Iowa Caucus Strategery: Why Cory Booker Won a Delegate

Cory Booker arrives to speak to reporters after the fourth Democratic presidential debate at Otterbein University in Westerville, Ohio, October 15, 2019. (Aaron Josefczyk/Reuters)

Des Moines — At Drake University’s fieldhouse, Monday night’s caucus ended with an amusing twist: Senator Cory Booker, who dropped out of the race in January, won one of the precinct’s six delegates.

After the first round of voting at the precinct, only three candidates had cleared the 15 percent “viability” threshold. Out of 403 caucusgoers, Elizabeth Warren won 120, Pete Buttigieg won 101, and Bernie Sanders won 100.

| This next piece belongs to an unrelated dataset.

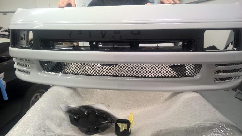 I asked that the bumper be layered in mesh to protect from stones and the like And this was then mounted with a new little bracket for the number plate so it can be easily removed for shows! And then had a lovely rim delivery too (18x9.5 ET38 - i think - all round)

That gave the caucusgoers who backed the non-viable candidates — Joe Biden, Amy Klobuchar, and Andrew Yang — a chance to put their heads together before the second round of voting. If they simply distributed themselves as they wished among Warren, Buttigieg, and Sanders, each of those three candidates would likely have gotten two delegates apiece.

But by banding together, the students for Klobuchar, Biden, and Yang had enough power to take one of the six delegates — and deny one to the three viable candidates. The students decided not to create an “uncommitted” delegate because they deliberately wanted to send a message that they wanted a more moderate candidate. One student suggested they back Tulsi Gabbard, but the group eventually decided it was a bad idea to support someone still in the race.

Drake sophomore Ireland Larsen, who wore her Cory Booker T-shirt to the caucus, was one of the students who proposed New Jersey senator as a compromise. And following some discussion, the students were in agreement. After the second “alignment” of votes occurred, the tally was Warren 127, Buttigieg 108, Sanders 101, and Booker 65. The gambit likely cost Sanders a precinct delegate: Sanders and Booker each walked away with one delegate, while Warren and Buttigieg each got two.

“We get a moderate. We block a delegate from going to Warren or Pete or Sanders. So that was the idea,” said Drake senior Sean Griffin, who initially backed Klobuchar. “We hope that at the end of the day maybe it shows that there’s a voice missing in the race.”